> Data for processing:
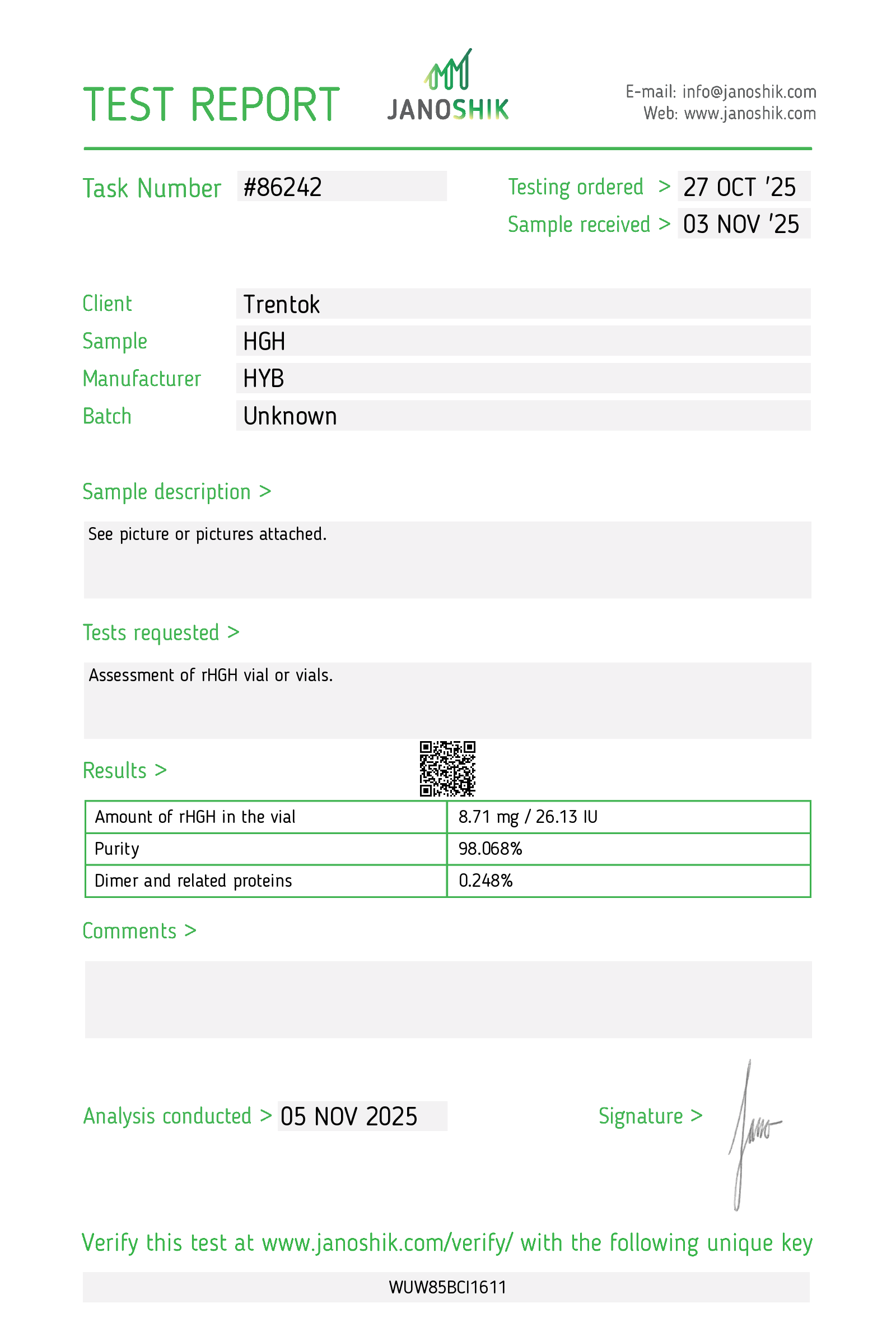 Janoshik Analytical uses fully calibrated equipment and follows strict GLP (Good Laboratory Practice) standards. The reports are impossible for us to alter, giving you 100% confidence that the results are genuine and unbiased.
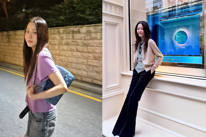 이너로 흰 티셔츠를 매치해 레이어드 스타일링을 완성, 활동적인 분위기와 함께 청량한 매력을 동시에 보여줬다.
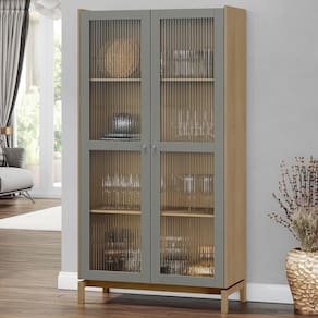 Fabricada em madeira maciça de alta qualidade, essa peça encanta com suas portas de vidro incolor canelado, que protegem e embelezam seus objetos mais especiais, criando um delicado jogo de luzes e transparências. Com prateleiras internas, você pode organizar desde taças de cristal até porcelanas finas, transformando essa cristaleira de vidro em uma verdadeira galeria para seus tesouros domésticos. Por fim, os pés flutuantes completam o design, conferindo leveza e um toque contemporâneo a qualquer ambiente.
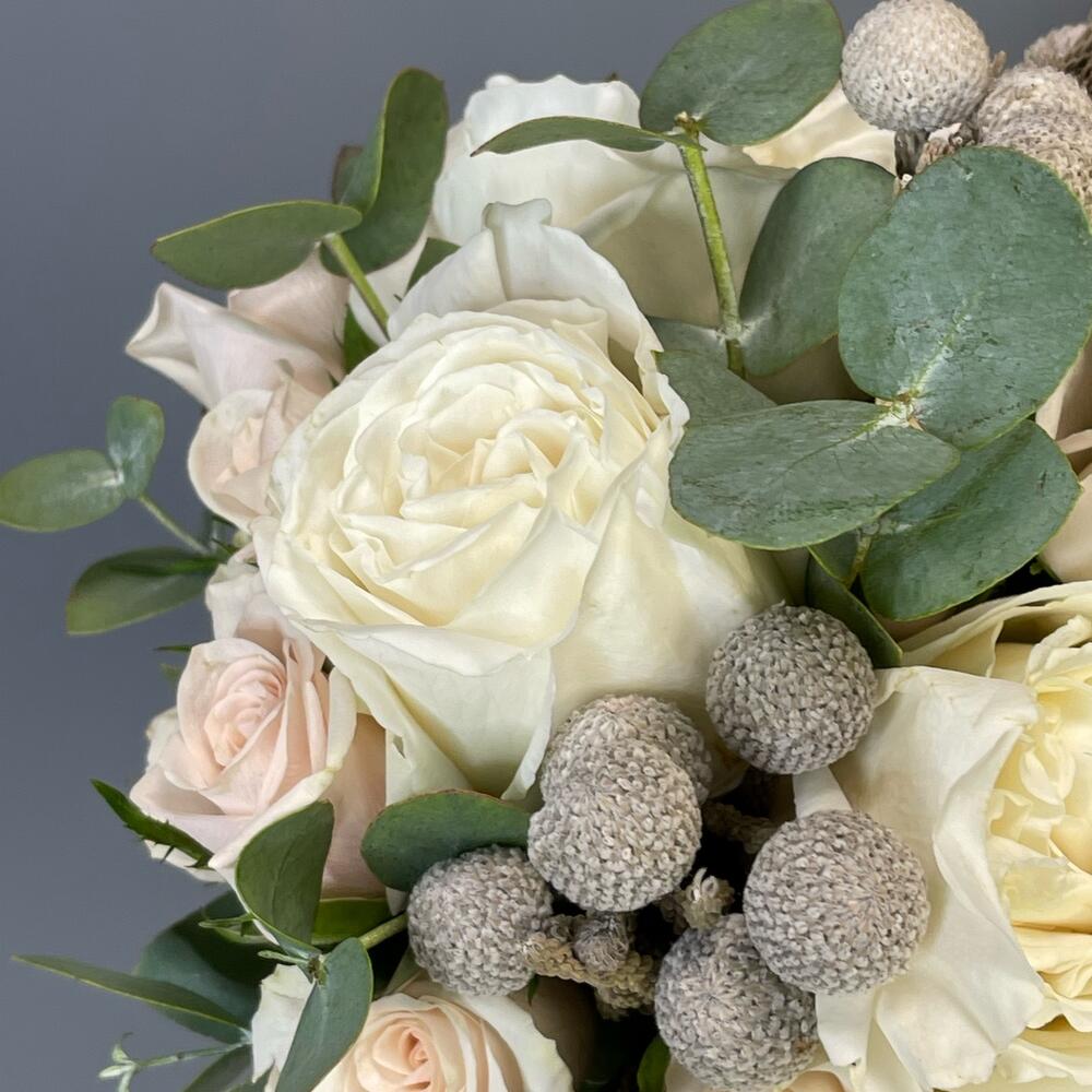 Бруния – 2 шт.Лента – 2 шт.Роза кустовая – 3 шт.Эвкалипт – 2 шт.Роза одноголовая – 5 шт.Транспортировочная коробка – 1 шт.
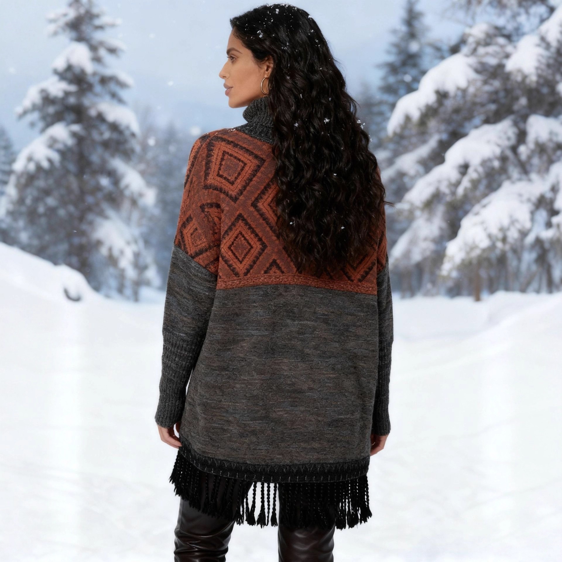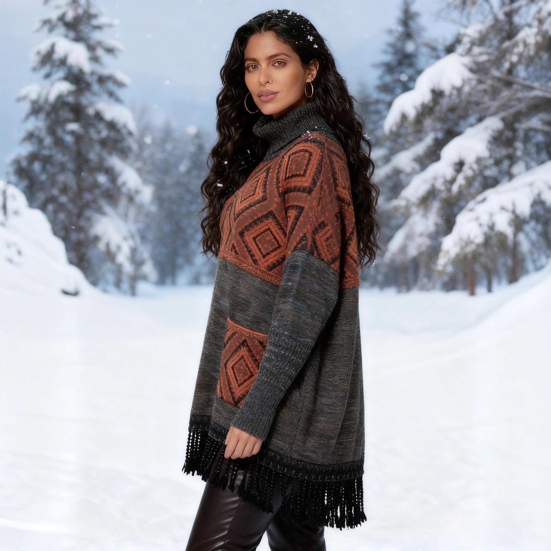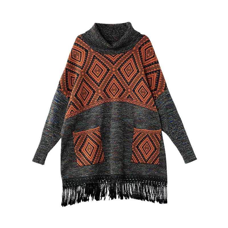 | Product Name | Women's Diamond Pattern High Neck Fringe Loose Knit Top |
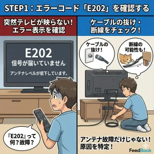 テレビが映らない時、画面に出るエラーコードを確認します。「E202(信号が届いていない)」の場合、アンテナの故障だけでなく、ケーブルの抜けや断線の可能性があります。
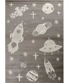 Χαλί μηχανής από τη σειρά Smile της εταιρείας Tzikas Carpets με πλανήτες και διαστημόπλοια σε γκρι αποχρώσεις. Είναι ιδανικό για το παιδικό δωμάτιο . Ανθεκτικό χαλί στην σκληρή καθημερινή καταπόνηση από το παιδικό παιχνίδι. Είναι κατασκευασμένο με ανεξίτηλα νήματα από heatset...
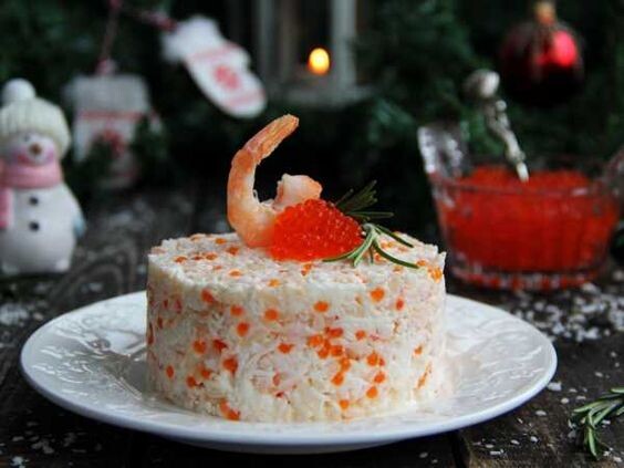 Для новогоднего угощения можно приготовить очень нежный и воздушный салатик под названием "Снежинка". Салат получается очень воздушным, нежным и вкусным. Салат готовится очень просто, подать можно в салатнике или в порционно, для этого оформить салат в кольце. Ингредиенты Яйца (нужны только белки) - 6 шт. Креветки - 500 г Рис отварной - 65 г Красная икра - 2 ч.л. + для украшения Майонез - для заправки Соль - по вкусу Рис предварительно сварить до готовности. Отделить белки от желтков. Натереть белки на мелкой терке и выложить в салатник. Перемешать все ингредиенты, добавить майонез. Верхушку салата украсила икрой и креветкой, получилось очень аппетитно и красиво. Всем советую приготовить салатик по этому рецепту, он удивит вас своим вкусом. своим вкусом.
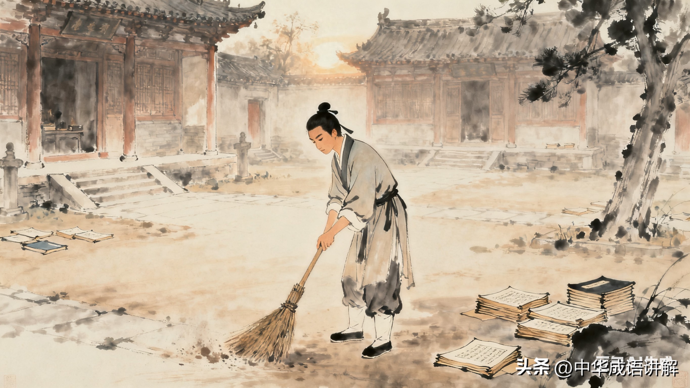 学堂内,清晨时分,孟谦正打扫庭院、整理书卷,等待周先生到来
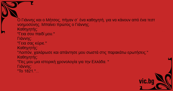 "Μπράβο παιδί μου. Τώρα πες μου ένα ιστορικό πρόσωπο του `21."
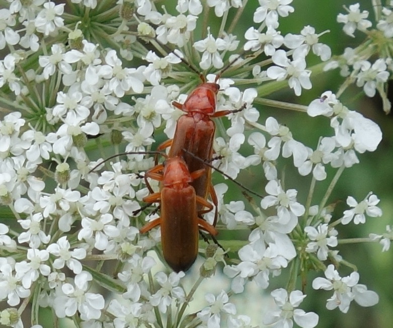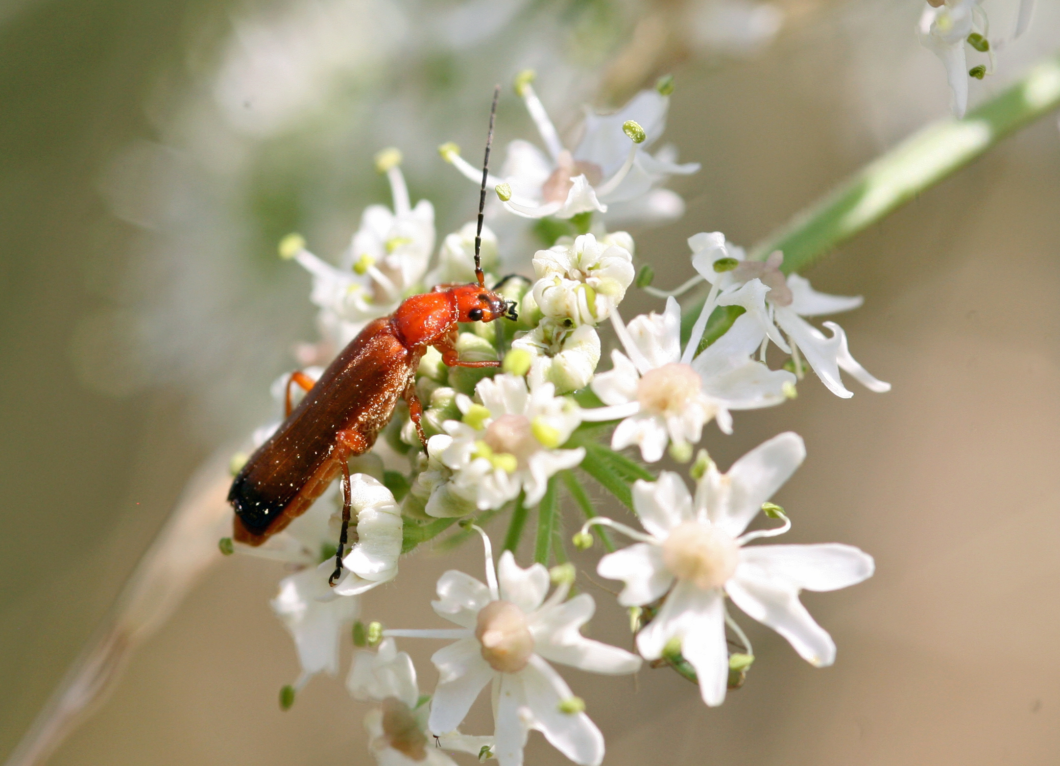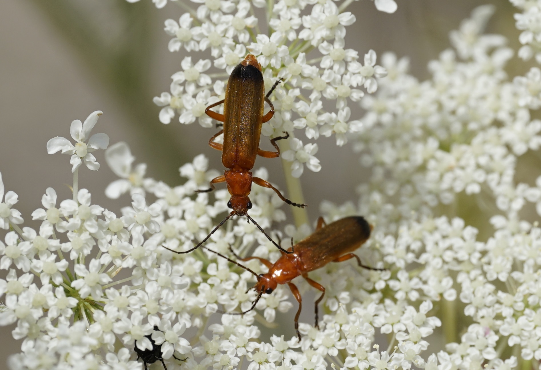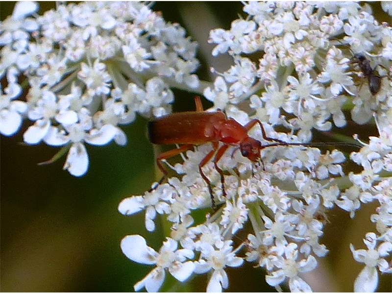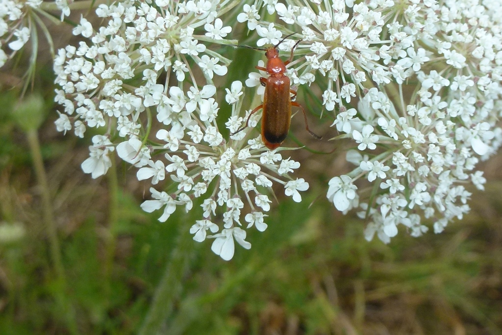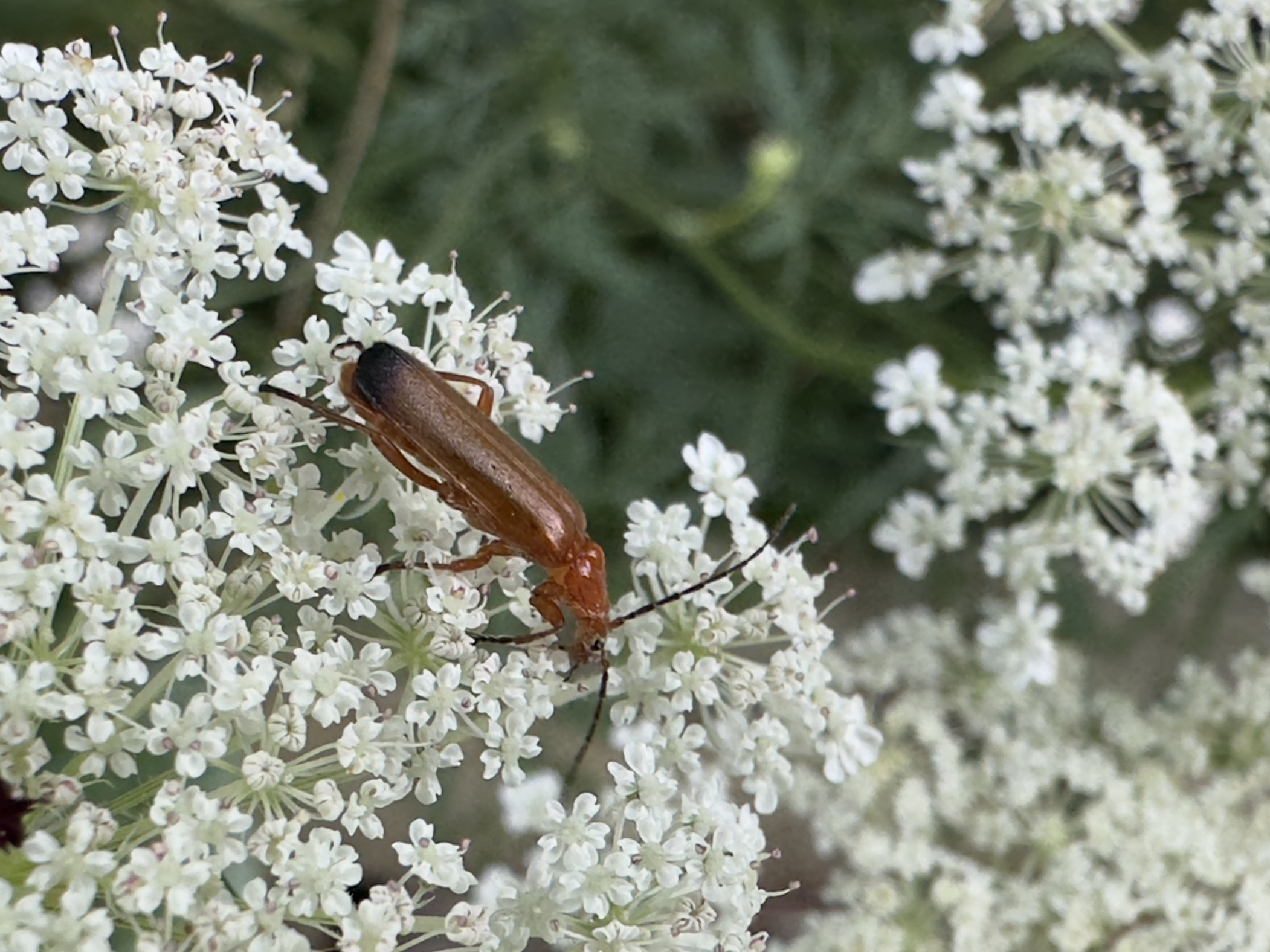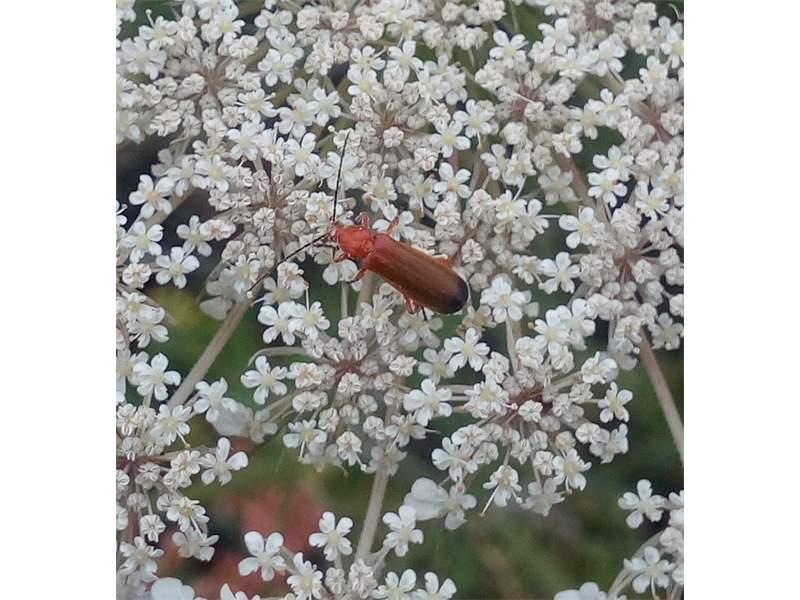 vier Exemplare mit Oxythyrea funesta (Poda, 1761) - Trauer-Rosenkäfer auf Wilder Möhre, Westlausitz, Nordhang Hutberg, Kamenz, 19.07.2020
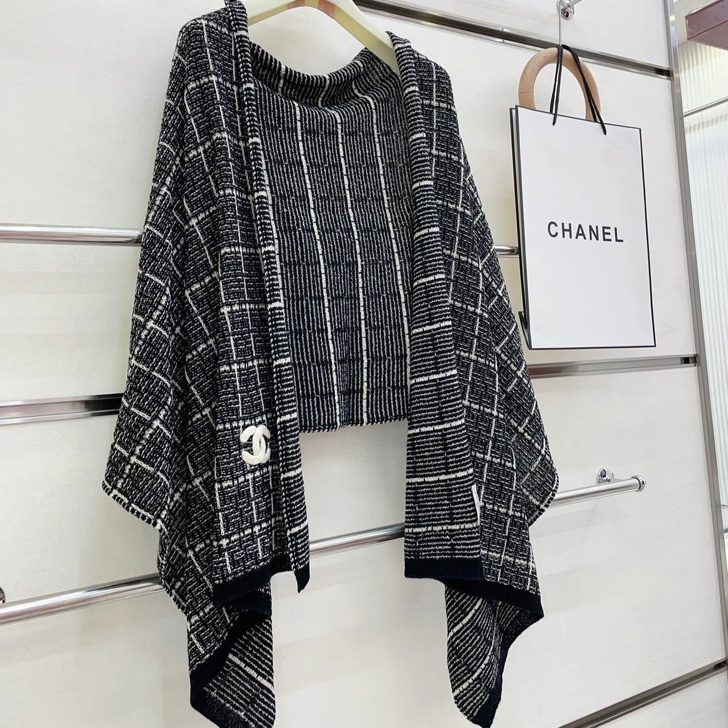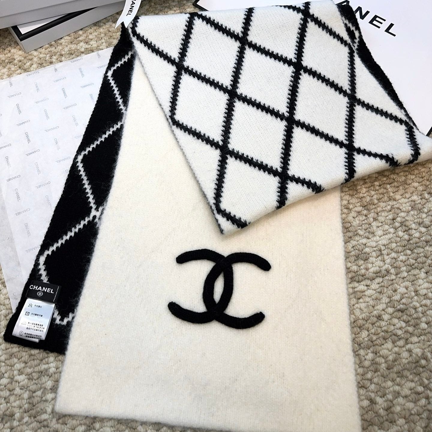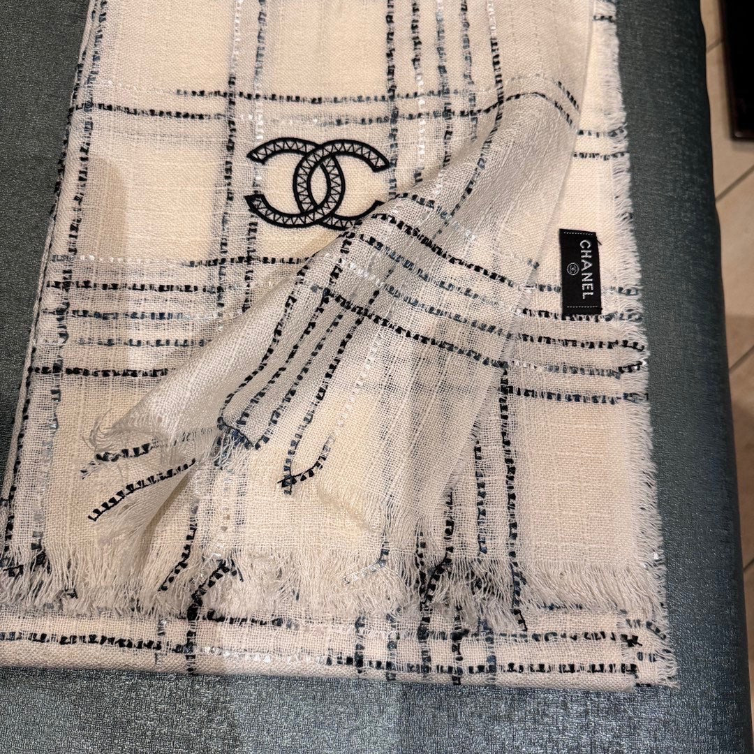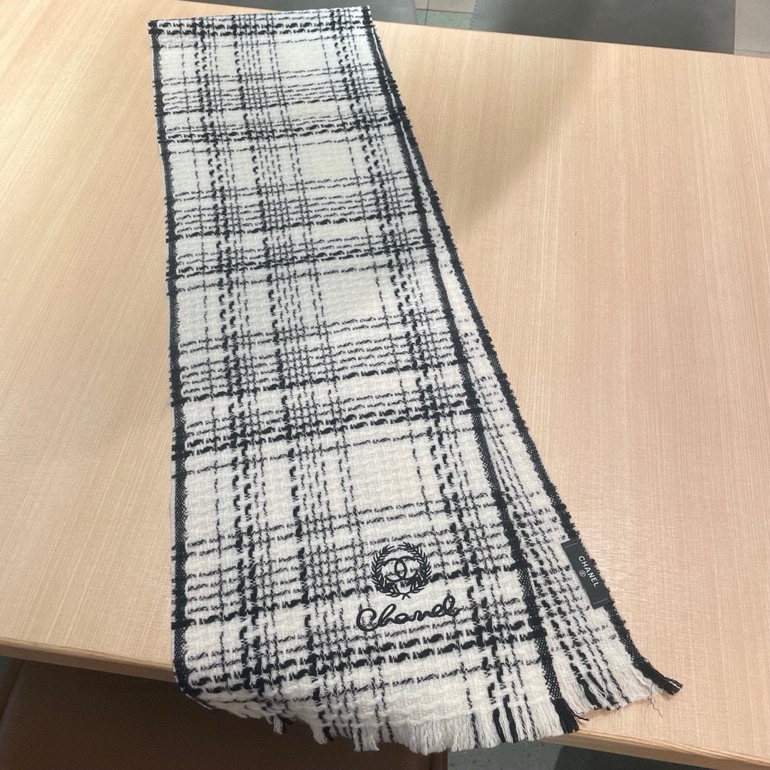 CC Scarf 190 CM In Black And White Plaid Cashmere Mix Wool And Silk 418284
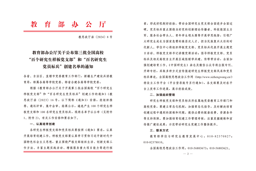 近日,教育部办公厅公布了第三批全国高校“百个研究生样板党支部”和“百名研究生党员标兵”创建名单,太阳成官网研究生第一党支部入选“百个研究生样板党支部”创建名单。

> What you have to do:
Copy, exactly and exclusively, the lines beginning with the one that contains "vier Exemplare mit" and ending with the last line of the listing; pictures are to be omitted.

> Result of this exercise:
 vier Exemplare mit Oxythyrea funesta (Poda, 1761) - Trauer-Rosenkäfer auf Wilder Möhre, Westlausitz, Nordhang Hutberg, Kamenz, 19.07.2020
 CC Scarf 190 CM In Black And White Plaid Cashmere Mix Wool And Silk 418284
 近日,教育部办公厅公布了第三批全国高校“百个研究生样板党支部”和“百名研究生党员标兵”创建名单,太阳成官网研究生第一党支部入选“百个研究生样板党支部”创建名单。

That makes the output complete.